# Forecast POC Guide

This notebook will walk you through the process of building a custom collection of models with Amazon Forecast based on the time series data you have for your problem.

## Overview

1. Introduction to Amazon Forecast
1. Obtaining Your Data
1. Fitting the Data to Forecast
1. Determining Your Forecast Horizon (1st pass)
1. Building Your First Few Predictors
1. Visualizing Predictors
1. Making Decisions
1. Adding Related Time Series Data
1. Evaluations Again
1. Next Steps


## Introduction to Amazon Forecast

If you are not familiar with Amazon Forecast you can learn more about this tool on these pages:

* Product Page: https://aws.amazon.com/forecast/
* GitHub Sample Notebooks: https://github.com/aws-samples/amazon-forecast-samples
* Product Docs: https://docs.aws.amazon.com/forecast/latest/dg/what-is-forecast.html


## Obtaining Your Data

A critical requirement to use Amazon Forecast is to have access to time-series data for your selected use case. To learn more about time series data:

1. Wikipedia: https://en.wikipedia.org/wiki/Time_series
1. Toward's Data Science Primer: https://towardsdatascience.com/the-complete-guide-to-time-series-analysis-and-forecasting-70d476bfe775
1. O'Reilly Book: https://www.amazon.com/gp/product/1492041653/ref=ppx_yo_dt_b_search_asin_title?ie=UTF8&psc=1

As an exmaple for this POC guide we are going to select a dataset from the UCI repository of machine learning datasets. This is a great tool for finding datasets for various problems. In this particular case it is traffic data for a given section of interstate highway. More information on the dataset can be found here: https://archive.ics.uci.edu/ml/datasets/Metro+Interstate+Traffic+Volume

To begin the cell below when executed will create a data folder and download our dataset into it, lastly it will extract the data into a csv file we can edit locally.







In [3]:
!mkdir data
!cd data && wget https://archive.ics.uci.edu/ml/machine-learning-databases/00492/Metro_Interstate_Traffic_Volume.csv.gz
!gunzip data/Metro_Interstate_Traffic_Volume.csv.gz

mkdir: cannot create directory ‘data’: File exists
--2019-12-24 19:58:58--  https://archive.ics.uci.edu/ml/machine-learning-databases/00492/Metro_Interstate_Traffic_Volume.csv.gz
Resolving archive.ics.uci.edu (archive.ics.uci.edu)... 128.195.10.252
Connecting to archive.ics.uci.edu (archive.ics.uci.edu)|128.195.10.252|:443... connected.
HTTP request sent, awaiting response... 200 OK
Length: 405373 (396K) [application/x-httpd-php]
Saving to: ‘Metro_Interstate_Traffic_Volume.csv.gz’

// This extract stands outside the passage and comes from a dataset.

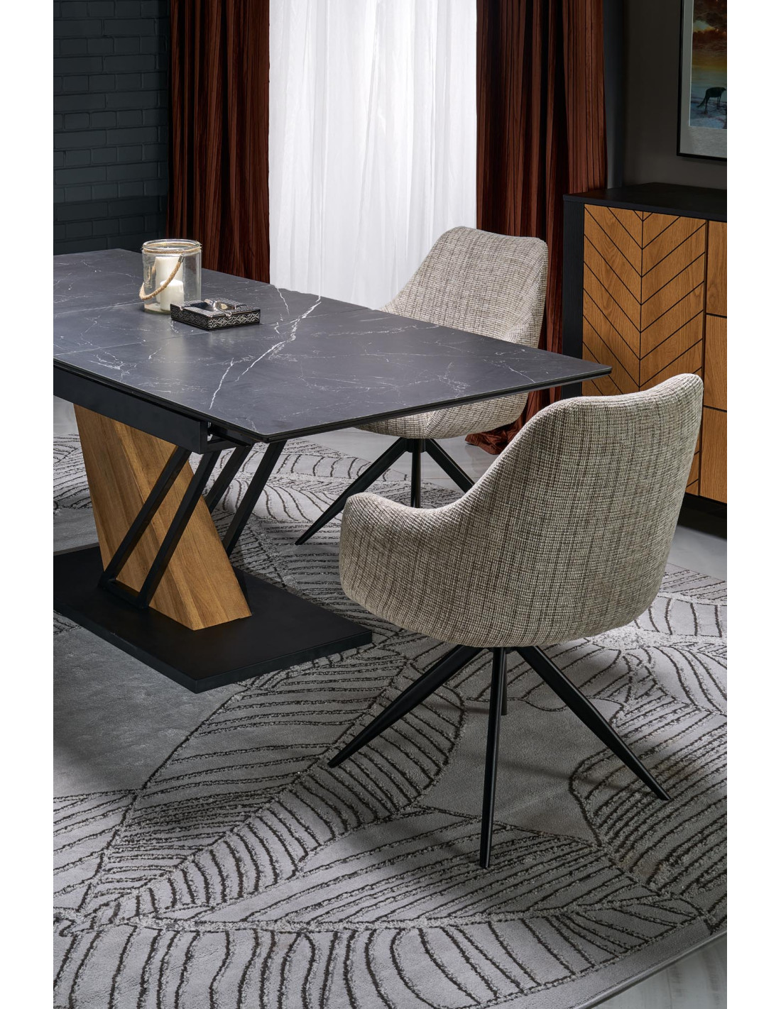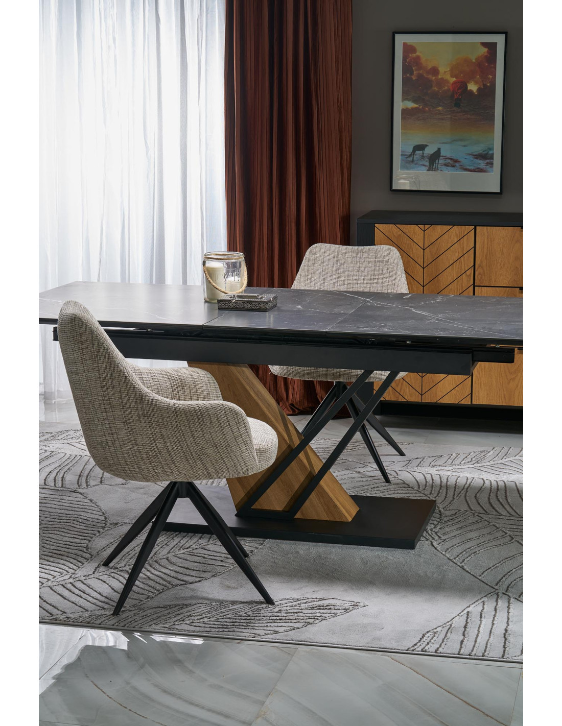 VOLANT 160 stół rozkładany, blat - czarny marmur, nogi - dąb złoty / czarny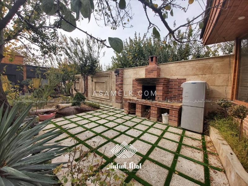 - محوطه باغ شامل درختان مثمر میوه ، آلاچیق سرپوشیده چوبی زیبا و باربیکیو

2019-12-24 19:58:58 (1.41 MB/s) - ‘Metro_Interstate_Traffic_Volume.csv.gz’ saved [405373/405373]



With the data downloaded, now we will import the Pandas library as well as a few other data science tools in order to inspect the information.

In [4]:
import boto3
from time import sleep
import subprocess
import pandas as pd
import json
import time

In [5]:
original_data = pd.read_csv('data/Metro_Interstate_Traffic_Volume.csv')
original_data.head(5)

Unnamed: 0,holiday,temp,rain_1h,snow_1h,clouds_all,weather_main,weather_description,date_time,traffic_volume
0,,288.28,0.0,0.0,40,Clouds,scattered clouds,2012-10-02 09:00:00,5545
1,,289.36,0.0,0.0,75,Clouds,broken clouds,2012-10-02 10:00:00,4516
2,,289.58,0.0,0.0,90,Clouds,overcast clouds,2012-10-02 11:00:00,4767
3,,290.13,0.0,0.0,90,Clouds,overcast clouds,2012-10-02 12:00:00,5026
4,,291.14,0.0,0.0,75,Clouds,broken clouds,2012-10-02 13:00:00,4918


At this point we can see a few things about the data:

* Holidays seem to be specified
* There is a value for temp but the units are unclear